A dental implant consists of three components: A base, a crown, and an abutment.
The base is a small screw made from titanium, a type of metal that was discovered in the mid-20th century to fuse with the bone. The base acts as an anchor, much like the root of an actual tooth. The abutment, sometimes known as a connector, is what secures the base to the crown. Lastly, there is the crown. The crown is the tooth-like part of the implant. Typically, this is made from a ceramic material and is designed so as to give the appearance of a perfectly healthy tooth.
Are Tooth Implants Strong?
Many people operate under the assumption that dental implants are significantly more brittle than natural human teeth. In reality, dental implants are the strongest tooth replacement option in existence today.
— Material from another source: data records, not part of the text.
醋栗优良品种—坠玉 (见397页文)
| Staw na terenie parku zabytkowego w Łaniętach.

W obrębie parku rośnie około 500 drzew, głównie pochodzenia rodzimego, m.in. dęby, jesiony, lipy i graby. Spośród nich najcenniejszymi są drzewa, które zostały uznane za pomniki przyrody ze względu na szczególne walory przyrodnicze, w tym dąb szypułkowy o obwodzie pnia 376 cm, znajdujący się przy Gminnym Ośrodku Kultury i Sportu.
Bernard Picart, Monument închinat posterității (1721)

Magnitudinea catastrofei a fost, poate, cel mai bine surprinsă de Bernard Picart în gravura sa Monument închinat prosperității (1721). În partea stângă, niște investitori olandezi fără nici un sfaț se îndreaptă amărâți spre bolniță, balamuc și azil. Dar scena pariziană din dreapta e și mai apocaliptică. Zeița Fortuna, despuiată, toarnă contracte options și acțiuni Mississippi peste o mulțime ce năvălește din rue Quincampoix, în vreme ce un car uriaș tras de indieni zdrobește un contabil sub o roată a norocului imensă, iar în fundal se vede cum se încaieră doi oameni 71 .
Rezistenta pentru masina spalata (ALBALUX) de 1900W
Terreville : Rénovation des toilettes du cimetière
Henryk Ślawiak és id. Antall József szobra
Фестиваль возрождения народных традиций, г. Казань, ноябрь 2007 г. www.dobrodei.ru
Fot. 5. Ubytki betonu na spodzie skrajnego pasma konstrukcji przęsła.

It can be hard to determine just how strong a dental implant will be, because like we always say: Every case is different. The strength of your implant depends on a variety of factors, such as:
- Overall Dental Health
- The Strength of the Jawbone
- Current Strength of the Natural Teeth
Your jawbone’s ability to heal around the implant plays a major factor in the stability of your new implant. If you suffer from gum disease, all of your teeth might feel less stable in your mouth—even your implant. Your dental implant and the gums that surround them are just as susceptible to infection as natural teeth, so proper oral hygiene is strongly advised.
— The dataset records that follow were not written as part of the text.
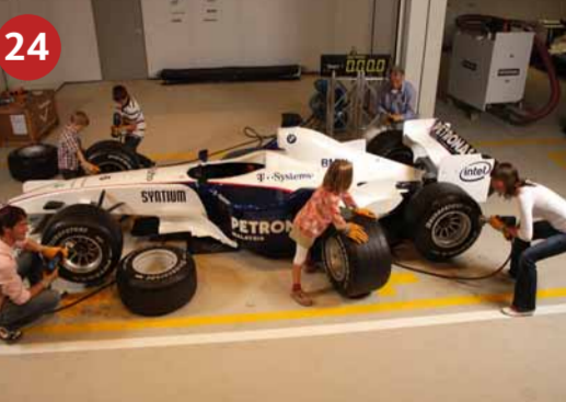
24 PIT-STOP-CHALLENGE Die Mitmachshow begleitet von Informationen rund um die Formel 1. Testen Sie Ihre Schnelligkeit beim Boxenstopp in der Pit-Stop-Show. Reifen wechseln und volltanken in Spitzengeschwindigkeit.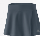
2412303 slate grey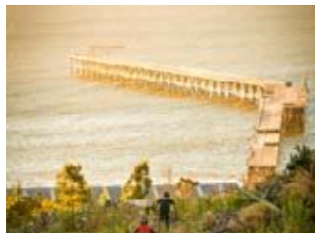
Balneario de Iloca y Caleta Duao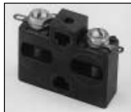
L4.75787.E Spark gap Funkenstrecke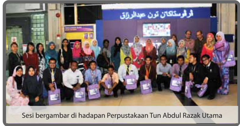
Sesi bergambar di hadapan Perpustakaan Tun Abdul Razak Utama

Sebaik sahaja rombongan lawatan ini telah berada di bilik seminar PTAR, mereka telah didedahkan kepada sejarah, perkembangan, perkhidmatan dan kemudahan yang terdapat di PTAR. Selain daripada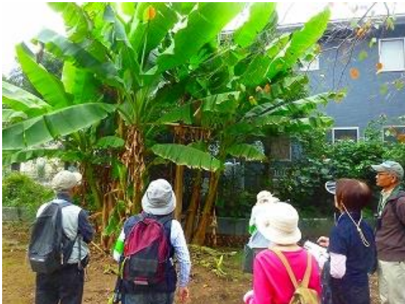
東光寺にてバショウの観察。

Whereas a natural tooth is anchored to the tooth’s gums by its roots, an implant is anchored—fused, actually—to the bone. This makes the implant function differently than a natural tooth, and in some contexts might even make the tooth stronger than a natural tooth. With dental implants being fused to the bone, they’re not permitted the same amount of movement as natural teeth.
Is Caring for a Dental Implant Difficult?
As we said earlier, dental implants are vulnerable to bacteria, plaque, and oral infections, just like natural teeth.
If you are concerned about the health and strength of your dental implant, the best thing you can do is make sure your gums and jawbone remain healthy and strong. When your oral hygiene is optimal, the health of your implant will be, too.
One of the most important parts of our practice is our periodontal hygiene program. This circles back to one of our foremost priorities, which is educating our patients in ways both big and small.
While we offer a variety of hygiene services in our facilities, such as deep scaling, antibacterial treatments, fluoride treatment, polishing, and whitening, we place even greater importance on what clients can do for themselves at home.
To preserve your dental implant and overall oral health, we recommend:
- Brushing minimum twice a day with a soft-bristle toothbrush
- Low-abrasive toothpaste
- Nylon-coated interdental brushes for hard-to-reach areas
- Daily flossing
What Happens During the Dental Implant Procedure?
Depending on what oral surgeon you choose to work with, the answer to this question could vary. That is why it is always important to do your homework and ask the right questions during your assessments or consultations.
With Dr. Caudry, you only receive the most cutting-edge care, ensuring optimal comfort unmatched accuracy. This is made possible in part because of Dr. Caudry and her exceptional staff, but also because of computer-guided surgery. With computer guided surgery, we eliminate the messiness of dental impressions, the prolonged surgical process, and the many uncomfortable aspects of oral surgery.
Prior to the computer-guided surgical process, we ask that you come into our facilities for a brief appointment. We will perform a non-invasive intraoral scan with our digital scanner, and also a CBCT scan. After that, we merge the two scans and get to work on planning every single step of the implant surgery. With these digital technologies, outcomes are superior to those of past methods.
As dental implantology continues to progress, we will continue to advance with it. The comfort of our patient is our foremost concern. That is why Dr. Caudry was one of the first practitioners in North America to master these digital technologies nearly 15 years ago.